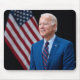 The photograph captures a moment in 2021 of President Joe Biden, image is now one of his official US Presidential photo. Sunlight streams through a window, casting a warm glow on the figure of an Biden standing confidently in the centre of the frame. His arms are crossed, a gesture that suggests both authority and a hint of casual ease. --- Mr. Biden is dressed impeccably in a blue suit, the crisp fabric contrasting sharply with the clean lines of his white shirt. A blue and red striped tie adds a touch of personality to the ensemble. --- A glimpse of patriotism is evident in the background. An American flag stands proudly on a pole to the man's left, its vibrant colours a bold contrast to the solid black behind Joe. A closer look reveals a painting hanging on the wall, adding a touch of personal flair to the professional atmosphere. --- President Biden is the focal point of the image. His short white hair frames a kind face, etched with the lines of a life well-lived. A warm smile plays on his lips, conveying a sense of confidence, wisdom, and perhaps a hint of amusement.
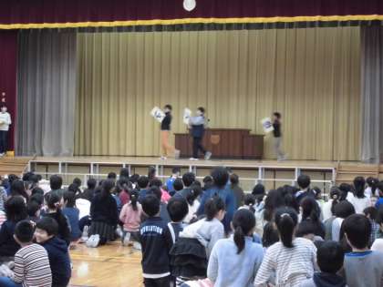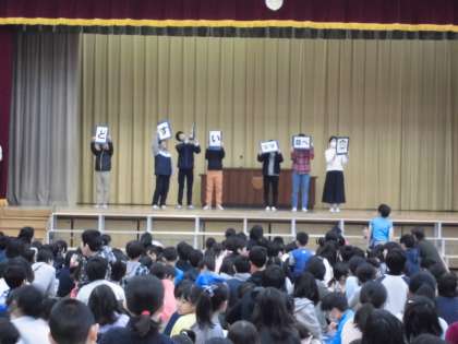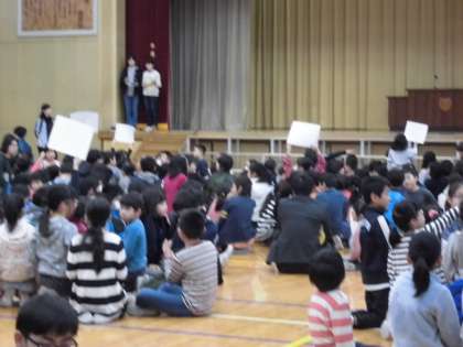 今日の児童集会は「どすこい 文字並べ集会」でした。集会委員が文字カードを持ってくるくる回ったり、文字を逆さにしたり裏返したりしながらステージを通ります。その文字をよく見て並べ替えてできる言葉を当てるゲームです。笹の子班で取り組み、指定された学年の子が答えます。「どすこい」でお分かりのように、今日は相撲に関する言葉が全部で6問出題されました。「笹の子班で楽しく文字並べをしよう」のねらいどおり、どの班も楽しそうに取り組んでいました。
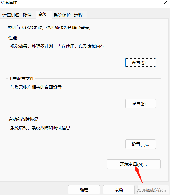 ps:可能根据系统不同,位置稍有差异,实在找不到你就在下方搜索框里搜“环境变量”,总之是下方的界面;
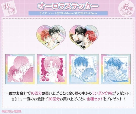 一度のお会計で10回分ご購入ごとに特典オーロラステッカー(全6種)の中からランダムで1枚、20回分ご購入ごとに全種セットプレゼント!

• Assignment
Your answer must reproduce exactly the lines from the line with "ps:可能根据系统不同,位置" through the end of the material, both ends included, with every picture dropped.

• Exercise solution
 ps:可能根据系统不同,位置稍有差异,实在找不到你就在下方搜索框里搜“环境变量”,总之是下方的界面;
 一度のお会計で10回分ご購入ごとに特典オーロラステッカー(全6種)の中からランダムで1枚、20回分ご購入ごとに全種セットプレゼント!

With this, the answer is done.